Major Elizur Yale Smith (1885 – 1950) was an American paper manufacturer, military officer, socialite, author and historian from New York. He served in the American Legion of the Canadian Expeditionary Force during World War I, and became executive secretary of the Federal Hall in Manhattan, which he helped save with a consortium. He was prominent in Newport society during the late Gilded Age, along with his wife, Mrs. Annie Livingston Best, daughter of Col. Clermont L. Best. He was also one of the heirs of his father, millionaire Wellington Smith, and a friend of the Vanderbilts and Roosevelts in New York.

Early life[edit]

Elizur Yale Smith was born on May 7, 1885, in Lee, Massachusetts, to Anne Maria Bullard and Wellington Smith, members of the Yale family.[1][2][3] His father was the son of Parthenia Caroline Yale, granddaughter of Capt. Josiah Yale of the American War of Independence, and was a cousin of Rev. Theodore Yale Gardner and Cleveland mayor George W. Gardner, who made his fortune as a commodity dealer with the young John D. Rockefeller.[4][2] His great-granduncle was Rev. Cyrus Yale, who was involved in the temperance movement with Stephen Van Rensselaer, member of the Dutch Van Rensselaer family.[5][2]

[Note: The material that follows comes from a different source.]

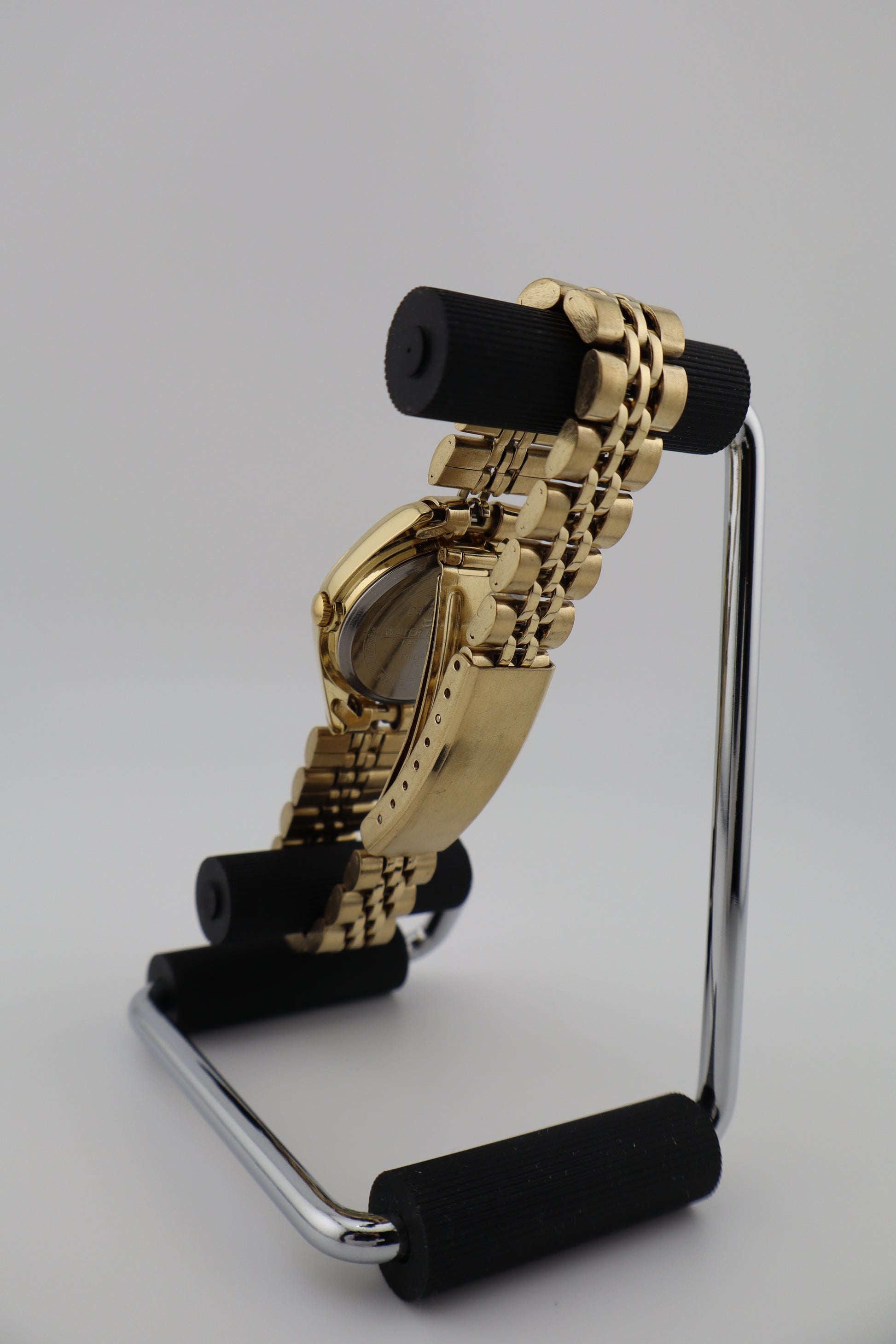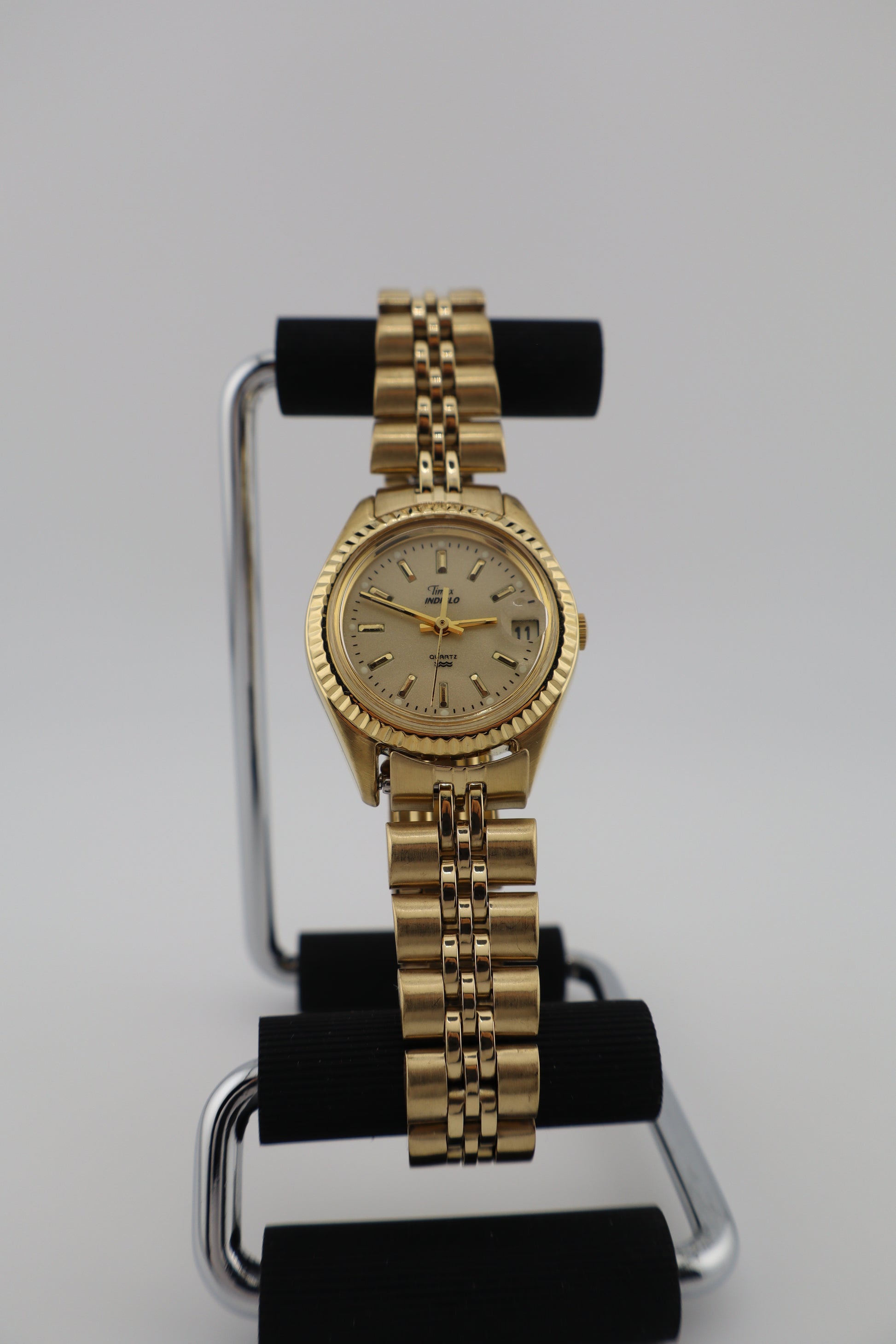 This Timex Indiglo women's quartz watch features an elegant all-gold-tone design with a fluted bezel, a champagne-colored dial complemented by luminous gold-tone hands and indices, and a practical date window at the 3 o’clock position. Powered by a reliable quartz movement, it includes Timex’s signature Indiglo night-light feature for enhanced visibility in low-light conditions. The jubilee-style bracelet ensures a comfortable fit, making it both a stylish accessory and a functional timepiece. The watch is in excellent working condition with minimal signs of wear, a clear crystal, and a fully operational movement, making it an ideal choice for daily wear or as a thoughtful gift.

His father, Wellington Smith, was the largest paper manufacturer in the United States, coproprietor of the Smith Paper Company with Elizur's granduncle, Senator Elizur Smith, and died a millionaire in 1910.[6][7] Elizur's father was also involved in politics, and was a personal friend of President William McKinley, and knew intimately Abraham Lincoln, whom he visited several times at his residence at the White House.[8][9]

Before his father's death, Wellington had sold the 700 acres family equestrian estate in Lee, Massachusetts, to George Westinghouse, the competitor of Thomas Edison, and to William D. Sloane and Emily Thorn Vanderbilt, on which they would build Elm Court.[10][11]

Biography[edit]

Grace Church, New York, in 1908
Mrs. Elizur Yale Smith, separation

Smith attended a private school in Boston, and then enrolled at Williams College, Massachusetts, in 1907.[12] He thereafter left Williams before graduation to attend Columbia University.[13] He studied in early American history and genealogy, with added interest on New York and New England.[13] He would become eventually an antiquarian and historian of the Bill of Rights Commemorative Society.[13]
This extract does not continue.